━━━━━ Data to process

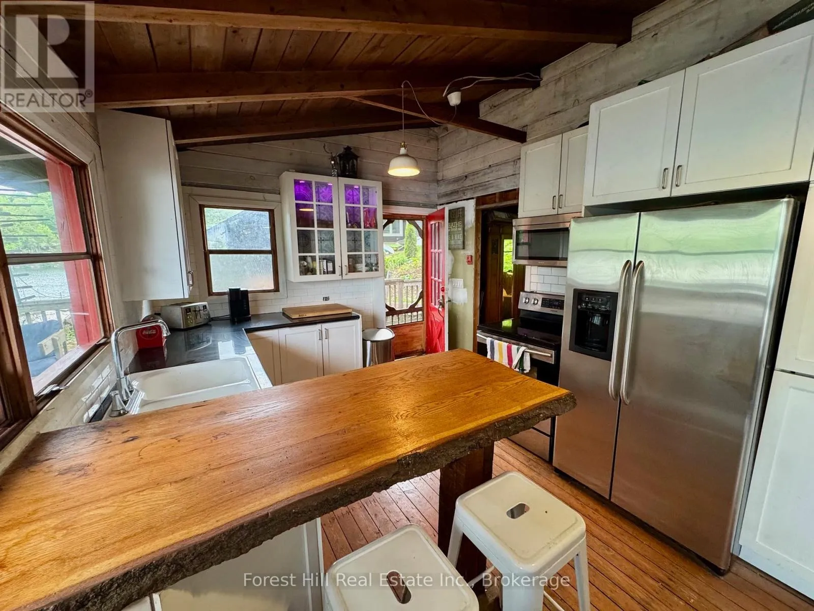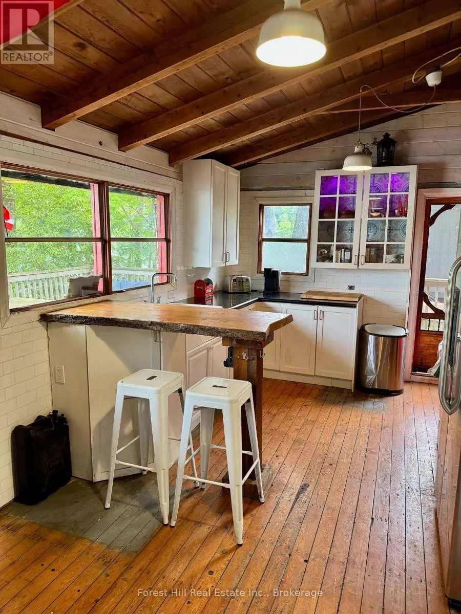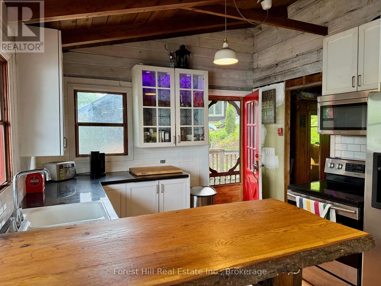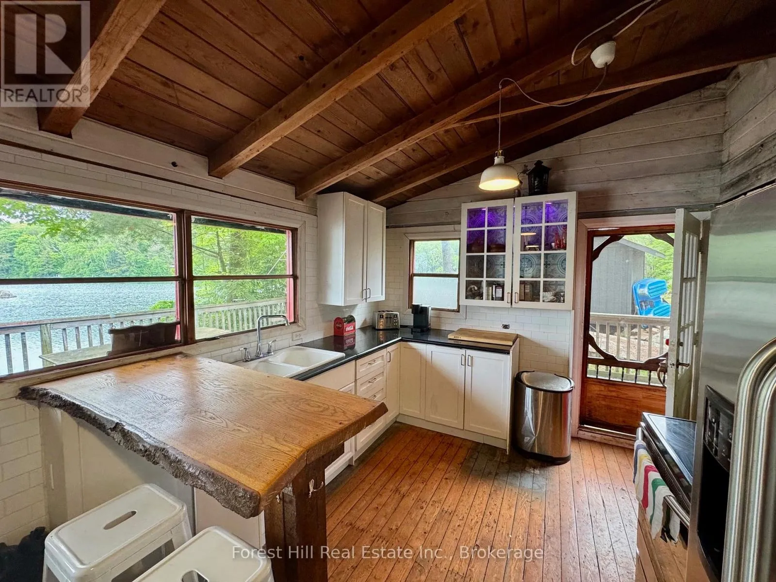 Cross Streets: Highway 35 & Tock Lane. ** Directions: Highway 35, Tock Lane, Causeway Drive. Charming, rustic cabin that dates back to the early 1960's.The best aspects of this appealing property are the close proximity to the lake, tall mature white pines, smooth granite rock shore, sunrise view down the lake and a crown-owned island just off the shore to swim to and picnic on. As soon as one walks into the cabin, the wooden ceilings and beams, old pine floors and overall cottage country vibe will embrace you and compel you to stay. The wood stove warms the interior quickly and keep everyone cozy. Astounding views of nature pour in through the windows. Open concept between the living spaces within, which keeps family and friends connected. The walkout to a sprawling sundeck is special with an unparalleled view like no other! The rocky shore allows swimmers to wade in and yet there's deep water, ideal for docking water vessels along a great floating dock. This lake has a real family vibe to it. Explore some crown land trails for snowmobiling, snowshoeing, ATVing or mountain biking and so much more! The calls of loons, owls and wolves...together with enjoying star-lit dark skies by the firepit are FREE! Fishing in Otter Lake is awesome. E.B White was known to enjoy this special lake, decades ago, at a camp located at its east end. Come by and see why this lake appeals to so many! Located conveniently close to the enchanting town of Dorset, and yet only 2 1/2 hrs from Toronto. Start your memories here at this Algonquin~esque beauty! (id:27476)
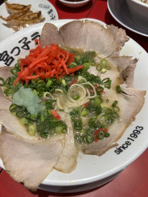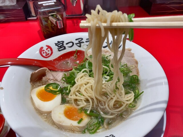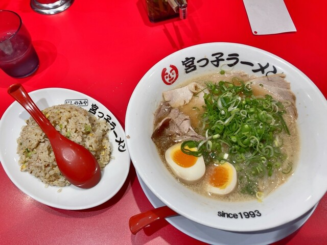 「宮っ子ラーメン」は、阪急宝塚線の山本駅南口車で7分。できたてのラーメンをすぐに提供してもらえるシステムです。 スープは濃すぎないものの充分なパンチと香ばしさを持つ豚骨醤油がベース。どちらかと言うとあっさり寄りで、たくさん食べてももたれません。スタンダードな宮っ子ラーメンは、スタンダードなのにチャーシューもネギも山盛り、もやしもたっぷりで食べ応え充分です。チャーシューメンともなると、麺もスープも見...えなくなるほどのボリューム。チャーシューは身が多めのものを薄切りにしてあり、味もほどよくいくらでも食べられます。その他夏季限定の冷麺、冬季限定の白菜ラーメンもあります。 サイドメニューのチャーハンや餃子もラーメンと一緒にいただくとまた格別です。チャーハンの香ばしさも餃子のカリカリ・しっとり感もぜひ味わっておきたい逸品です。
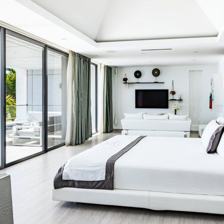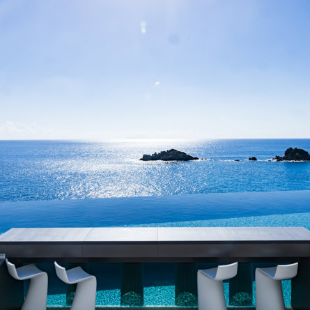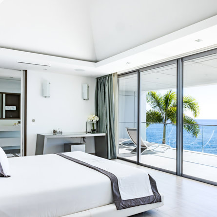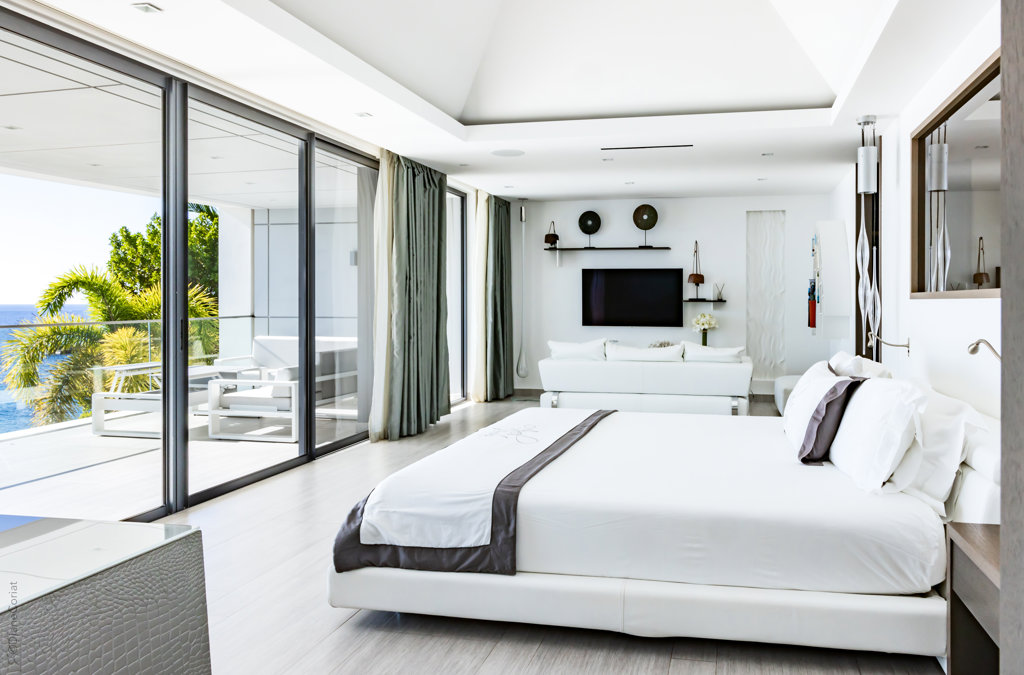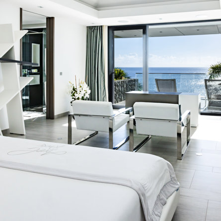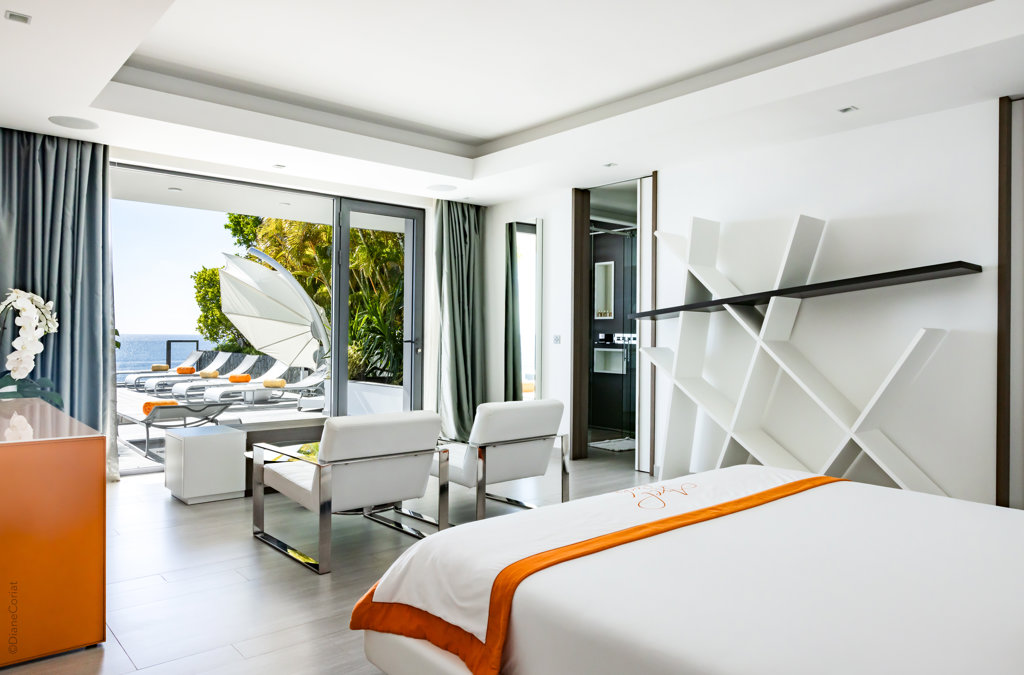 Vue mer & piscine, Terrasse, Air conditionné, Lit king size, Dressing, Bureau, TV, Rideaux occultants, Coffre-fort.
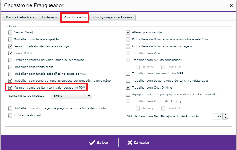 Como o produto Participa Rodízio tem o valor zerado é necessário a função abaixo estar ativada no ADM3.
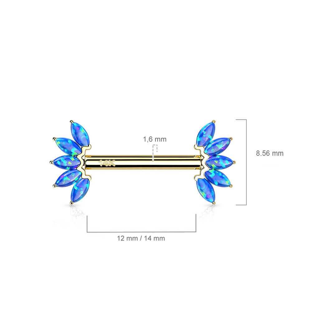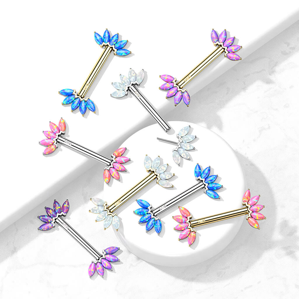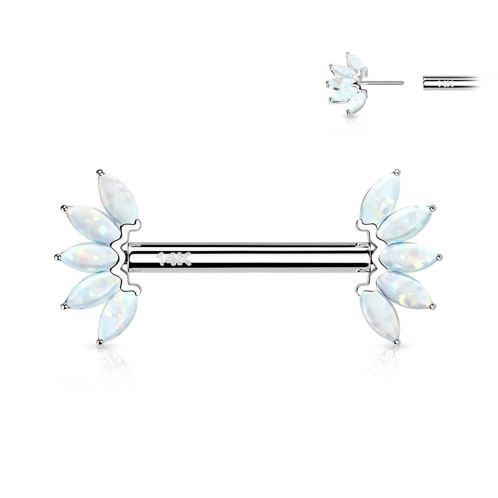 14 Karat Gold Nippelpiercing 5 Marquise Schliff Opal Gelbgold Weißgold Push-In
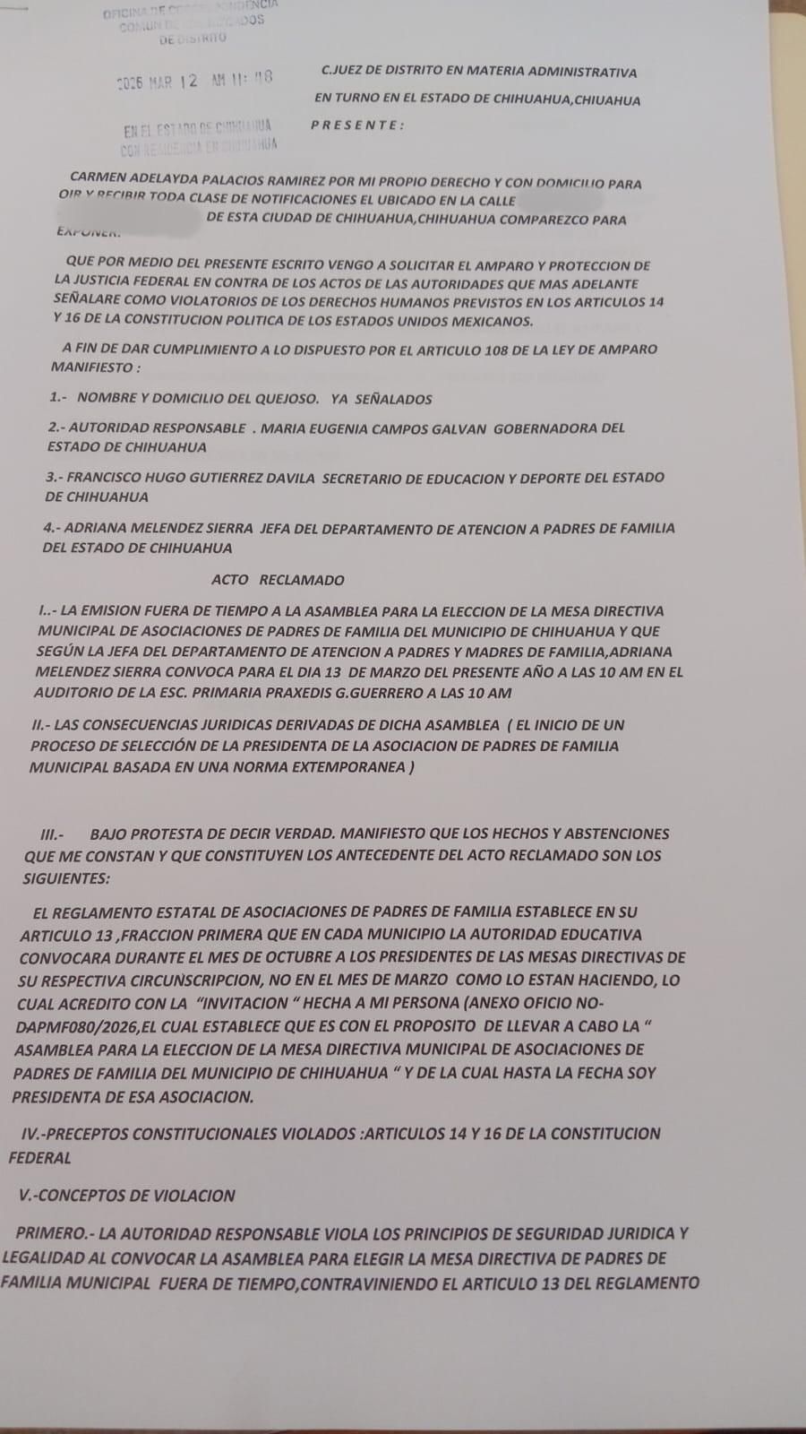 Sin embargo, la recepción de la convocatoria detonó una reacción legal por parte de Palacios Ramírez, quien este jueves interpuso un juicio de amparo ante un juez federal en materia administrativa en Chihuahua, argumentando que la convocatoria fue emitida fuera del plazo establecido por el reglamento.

━━━━━━━━━━

_What is needed_
Verbatim copy, images excluded: transcribe all the entries above.

_Solution for this task_
 Cross Streets: Highway 35 & Tock Lane. ** Directions: Highway 35, Tock Lane, Causeway Drive. Charming, rustic cabin that dates back to the early 1960's.The best aspects of this appealing property are the close proximity to the lake, tall mature white pines, smooth granite rock shore, sunrise view down the lake and a crown-owned island just off the shore to swim to and picnic on. As soon as one walks into the cabin, the wooden ceilings and beams, old pine floors and overall cottage country vibe will embrace you and compel you to stay. The wood stove warms the interior quickly and keep everyone cozy. Astounding views of nature pour in through the windows. Open concept between the living spaces within, which keeps family and friends connected. The walkout to a sprawling sundeck is special with an unparalleled view like no other! The rocky shore allows swimmers to wade in and yet there's deep water, ideal for docking water vessels along a great floating dock. This lake has a real family vibe to it. Explore some crown land trails for snowmobiling, snowshoeing, ATVing or mountain biking and so much more! The calls of loons, owls and wolves...together with enjoying star-lit dark skies by the firepit are FREE! Fishing in Otter Lake is awesome. E.B White was known to enjoy this special lake, decades ago, at a camp located at its east end. Come by and see why this lake appeals to so many! Located conveniently close to the enchanting town of Dorset, and yet only 2 1/2 hrs from Toronto. Start your memories here at this Algonquin~esque beauty! (id:27476)
 「宮っ子ラーメン」は、阪急宝塚線の山本駅南口車で7分。できたてのラーメンをすぐに提供してもらえるシステムです。 スープは濃すぎないものの充分なパンチと香ばしさを持つ豚骨醤油がベース。どちらかと言うとあっさり寄りで、たくさん食べてももたれません。スタンダードな宮っ子ラーメンは、スタンダードなのにチャーシューもネギも山盛り、もやしもたっぷりで食べ応え充分です。チャーシューメンともなると、麺もスープも見...えなくなるほどのボリューム。チャーシューは身が多めのものを薄切りにしてあり、味もほどよくいくらでも食べられます。その他夏季限定の冷麺、冬季限定の白菜ラーメンもあります。 サイドメニューのチャーハンや餃子もラーメンと一緒にいただくとまた格別です。チャーハンの香ばしさも餃子のカリカリ・しっとり感もぜひ味わっておきたい逸品です。
 Vue mer & piscine, Terrasse, Air conditionné, Lit king size, Dressing, Bureau, TV, Rideaux occultants, Coffre-fort.
 Como o produto Participa Rodízio tem o valor zerado é necessário a função abaixo estar ativada no ADM3.
 14 Karat Gold Nippelpiercing 5 Marquise Schliff Opal Gelbgold Weißgold Push-In
 Sin embargo, la recepción de la convocatoria detonó una reacción legal por parte de Palacios Ramírez, quien este jueves interpuso un juicio de amparo ante un juez federal en materia administrativa en Chihuahua, argumentando que la convocatoria fue emitida fuera del plazo establecido por el reglamento.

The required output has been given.